══ Records for the exercise ══
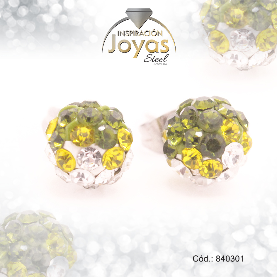 Zarcillo de Acero Esfera Micro Circón Plateado Blanco/Verde – 840301
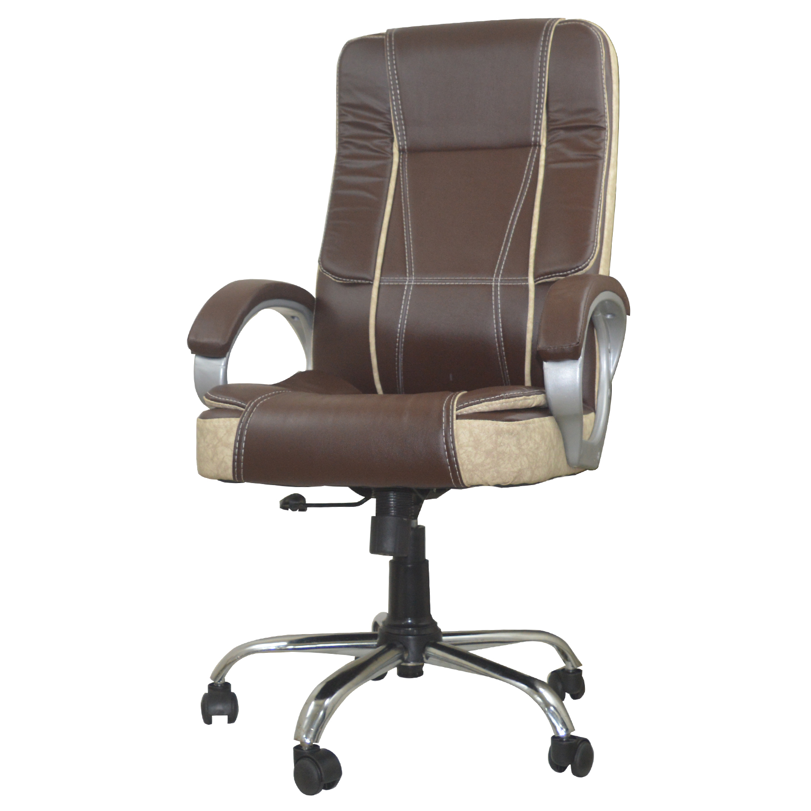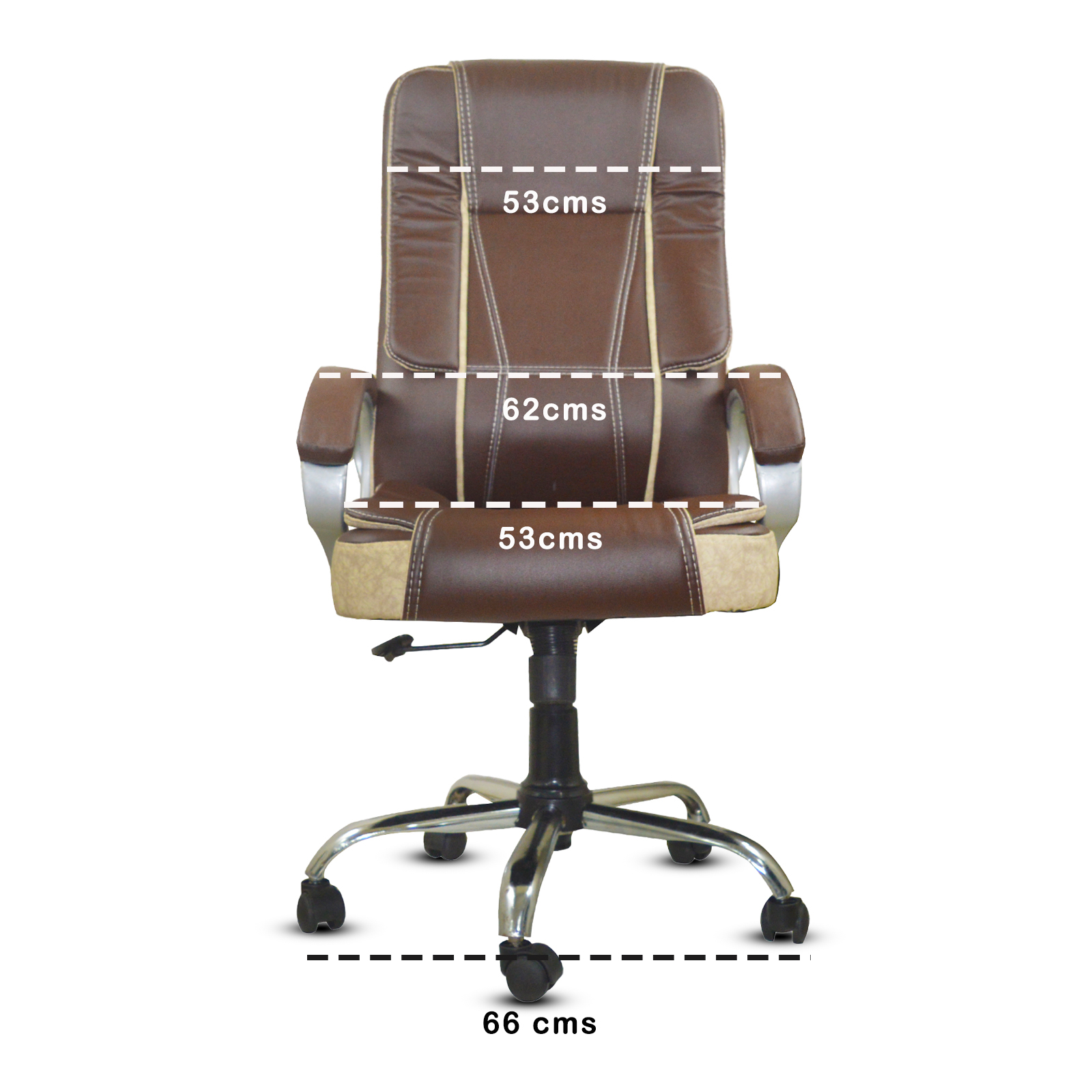 Specifications – Internal seat material : | Filled with – high density foam | Seat cover: leatherette | Color: nutmeg brown and light grey | Size: high back | tilt lock | gas-lift: class 4 | Base: heavy duty metal base | Castors: nylon dual color wheels | Maximum weight capacity: up to 120 kgs | Height adjustment : 35-40 inches | Seat height : 19-23 inches | Seat width:19 inches |Seat depth : 18 inches | Back height : 18 inches |
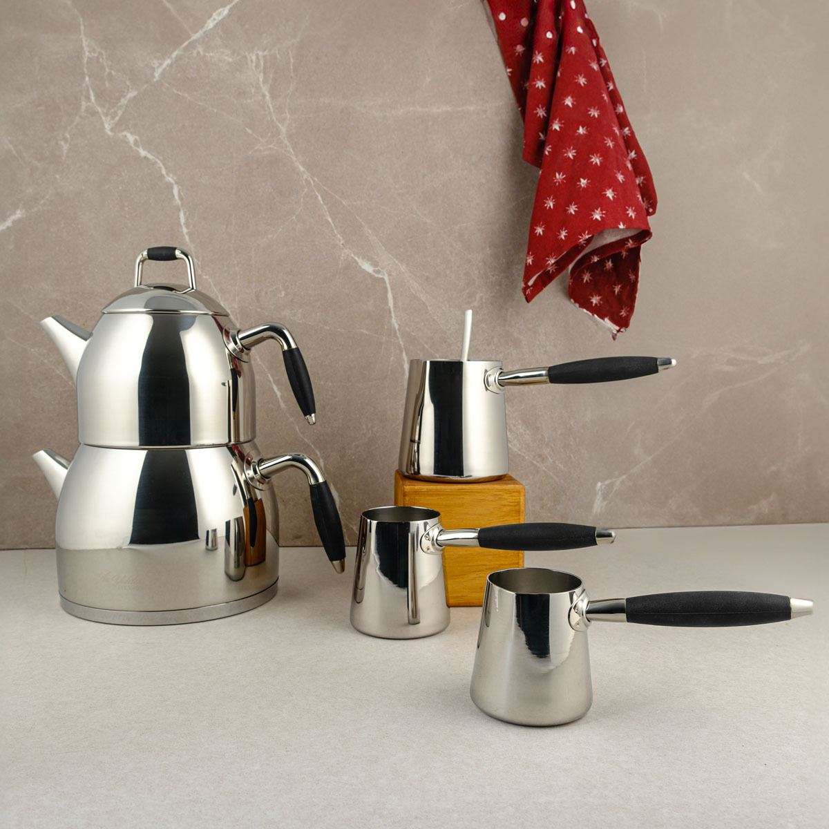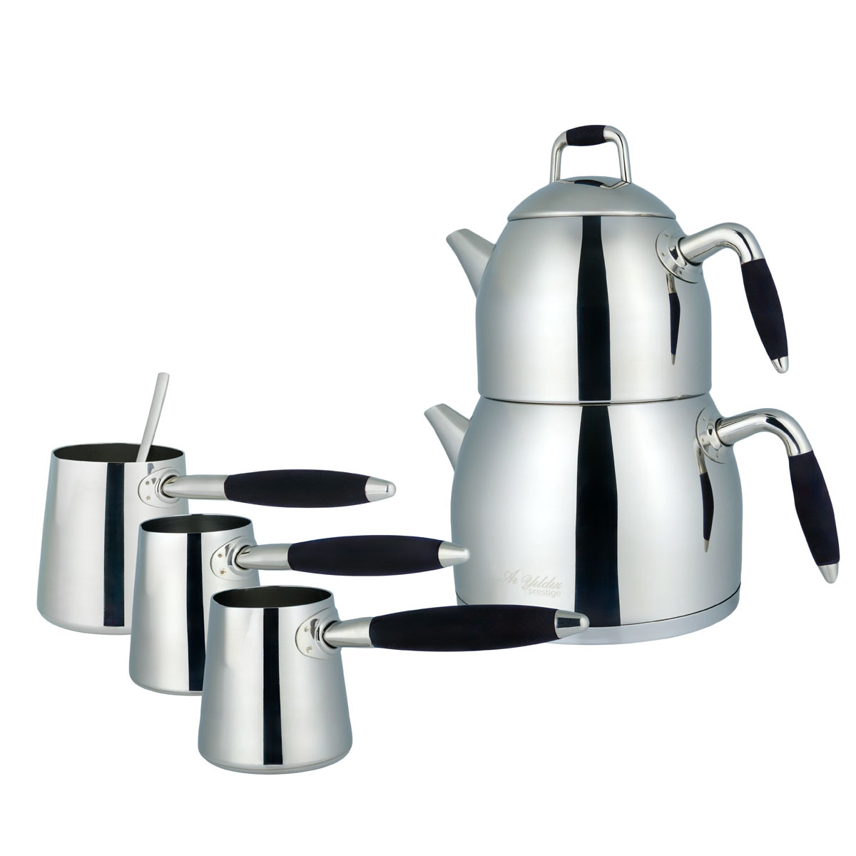 Ar Yıldız Çaydanlık ve cezve takımları paslanmaz çelik gövdeden üretilen özel tasarımlara sahiptir.
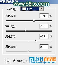 | 2、创建可选颜色调整图层,对红、黄、绿、白、中性色进行调整,参数设置如图3 - 7,效果如图8。这一步主要把图片中的绿色调暗,高光区域增加淡青色。 |
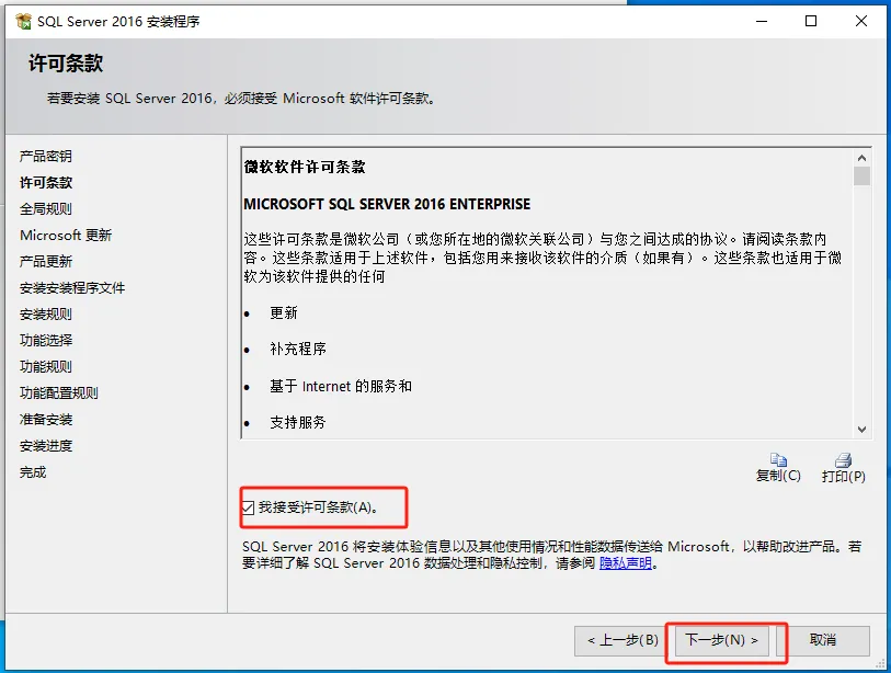第二十一步:勾选【我接受……】,然后点【下一步】。
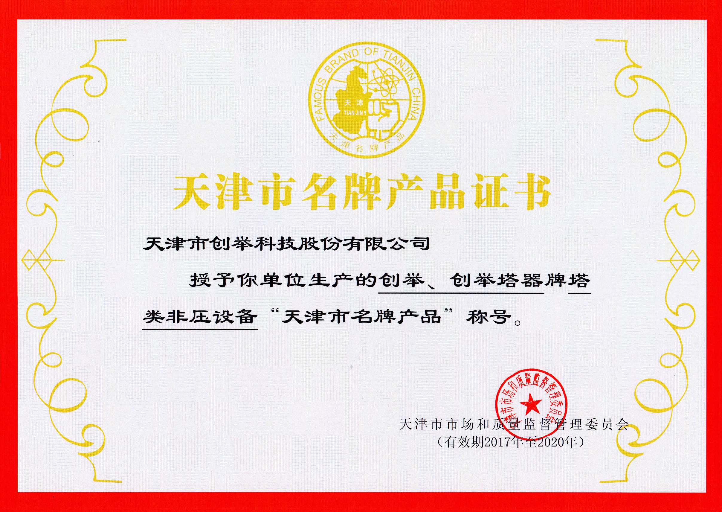 2014年     “創舉塔器”獲得天津市名牌產品稱號。
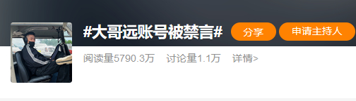 23日晚,#大哥远账号被禁言#一度冲上微博热搜第一。
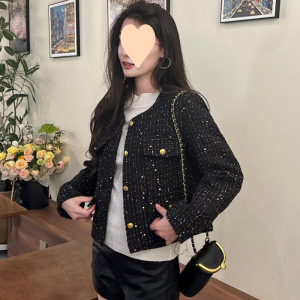 2025春秋人気の小香風ショートジャケット、ツイード素材、毛玉なし、色落ちなし、リッチガールスタイル
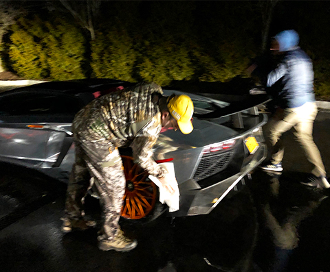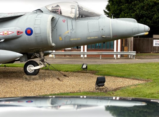 Our Mini reflects a Harrier Jump Jet at RAF Wittering on the Cambridgeshire-Northamptonshire border. No wait, the car is not that fast.
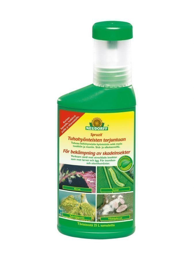 Spruzit on tehokas ja luonnonmukainen torjunta-aine haitallisten tuhohyönteisten torjuntaan. Torjunta-aine on helppokäyttöinen ja laaja-alaisesti vaikuttava ruiskute vahingollisten, imevien hyönteisten torjuntaan. Spruzit on tarkoitettu sekä sisällä oleville viherkasveille että kaikille kasveille ulkona ja kasvihuoneessa. Spruzit sopii myös koristepuille, hedelmäpuille ja vihanneksille. Spruzit tuhoaa lehtikirvat, kilpikirvat, villakilpikirvat, harsosääsket, jauhiaiset, ripsiäiset, kovakuoriaiset, kaskaat, poppelin salaattikirvat, hernekääriäiset, kovakuoriaisten toukat, toukat, lehtipistiäistoukat, luteet, havupunkit, rhododendronin verkkoluteet sekä kehrääjäpunkit avomaalla, kasvihuoneissa, toimistoissa ja sisätiloissa kotona. Luonnonpyretriinin ja rapsiöljyn yhdistelmä torjuu myös hyönteisten toukat ja munat. Laimennettava tiiviste.
═══
◆ **What is required**: Repeat the records verbatim, excluding pictures.

◆ **Task output**:
 Zarcillo de Acero Esfera Micro Circón Plateado Blanco/Verde – 840301
 Specifications – Internal seat material : | Filled with – high density foam | Seat cover: leatherette | Color: nutmeg brown and light grey | Size: high back | tilt lock | gas-lift: class 4 | Base: heavy duty metal base | Castors: nylon dual color wheels | Maximum weight capacity: up to 120 kgs | Height adjustment : 35-40 inches | Seat height : 19-23 inches | Seat width:19 inches |Seat depth : 18 inches | Back height : 18 inches |
 Ar Yıldız Çaydanlık ve cezve takımları paslanmaz çelik gövdeden üretilen özel tasarımlara sahiptir.
 | 2、创建可选颜色调整图层,对红、黄、绿、白、中性色进行调整,参数设置如图3 - 7,效果如图8。这一步主要把图片中的绿色调暗,高光区域增加淡青色。 |
第二十一步:勾选【我接受……】,然后点【下一步】。
 2014年     “創舉塔器”獲得天津市名牌產品稱號。
 23日晚,#大哥远账号被禁言#一度冲上微博热搜第一。
 2025春秋人気の小香風ショートジャケット、ツイード素材、毛玉なし、色落ちなし、リッチガールスタイル
 Our Mini reflects a Harrier Jump Jet at RAF Wittering on the Cambridgeshire-Northamptonshire border. No wait, the car is not that fast.
 Spruzit on tehokas ja luonnonmukainen torjunta-aine haitallisten tuhohyönteisten torjuntaan. Torjunta-aine on helppokäyttöinen ja laaja-alaisesti vaikuttava ruiskute vahingollisten, imevien hyönteisten torjuntaan. Spruzit on tarkoitettu sekä sisällä oleville viherkasveille että kaikille kasveille ulkona ja kasvihuoneessa. Spruzit sopii myös koristepuille, hedelmäpuille ja vihanneksille. Spruzit tuhoaa lehtikirvat, kilpikirvat, villakilpikirvat, harsosääsket, jauhiaiset, ripsiäiset, kovakuoriaiset, kaskaat, poppelin salaattikirvat, hernekääriäiset, kovakuoriaisten toukat, toukat, lehtipistiäistoukat, luteet, havupunkit, rhododendronin verkkoluteet sekä kehrääjäpunkit avomaalla, kasvihuoneissa, toimistoissa ja sisätiloissa kotona. Luonnonpyretriinin ja rapsiöljyn yhdistelmä torjuu myös hyönteisten toukat ja munat. Laimennettava tiiviste.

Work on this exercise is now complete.